Don Tillman hat offensichtlich das, was Ärzte heute als „Asperger-
Syndrom“ diagnostizieren würden, aber er kommt gar nicht auf die Idee, dass
dieses Syndrom die Ursache für seine Schwierigkeiten sein könnte. Beim Lesen
dachte ich oft: es wäre für manche Menschen besser, wenn man auf eine Diagnose
verzichten würde, denn Don Tillman, der sich zwar seiner Probleme bewusst ist,
ihnen aber keinen Krankheitswert beimisst, kommt gut durchs Leben und
entwickelt auch Freundschaften. In einem Vortrag, den er über das Asperger-
Syndrom hält, erklärt er auf einen Einwurf der Moderatorin, in dem sie den
Begriff „Defekt“ für das Syndrom verwendet: „Defekt! Das Asperger-
Syndrom ist kein Defekt! Es ist eine Variante des Möglichen- vielleicht sogar
ein erheblicher Vorteil. Das Asperger- Syndrom ist mit hoher Organisations- und
Konzentrationsfähigkeit, innovativer Denkweise und rationaler Distanziertheit
verbunden.“ Diese Entgegnung gefiel mir sehr- ich stimme ihr uneingeschränkt
zu: eine Variante des Möglichen- das ist eine sooo gute Beschreibung!!!

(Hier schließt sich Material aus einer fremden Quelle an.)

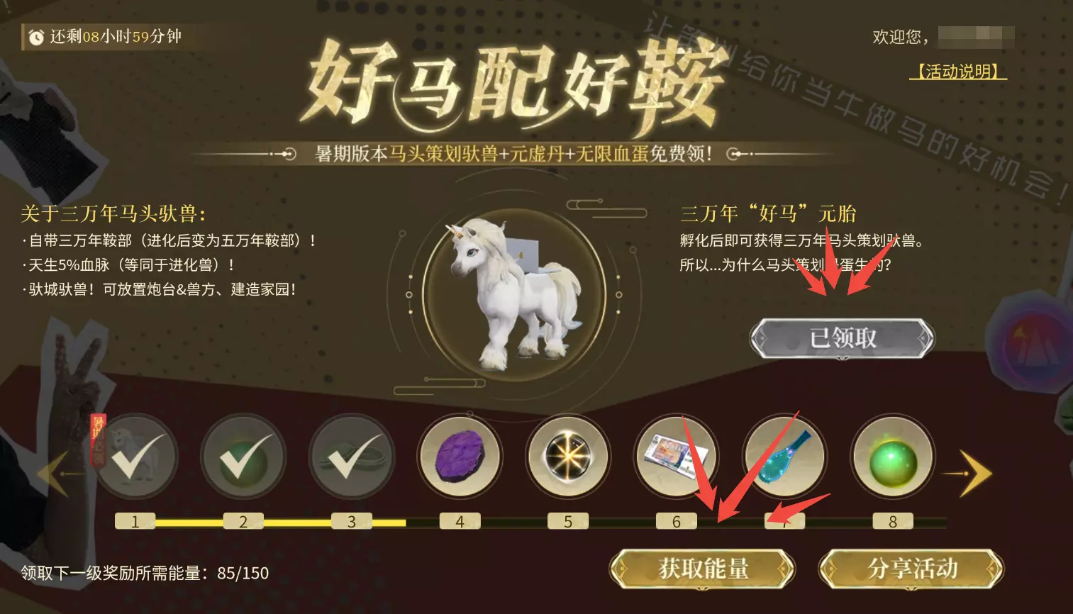 3.今日活跃度达成120+分享活动后,即可直接领取

Don Tillman ist anders als der Durchschnitt und der Autor Graeme
Simsion stellt ihn so liebevoll dar, dass man ihn einfach mögen muss… und sich
nach der Lektüre fragt, warum wir nicht in der Lage sind, Menschen einfach so
zu akzeptieren, wie sie sind, statt sie dem allgemeingültigen Bild anpassen zu
wollen…
Um auf die Geschichte zurückzukommen: das Ehefrauen- Projekt wird
„gestört“ durch Rosie, die plötzlich in Dons Leben tritt und so einiges über
den Haufen wirft in ihrer, wieder auf andere Weise unkonventionellen Art…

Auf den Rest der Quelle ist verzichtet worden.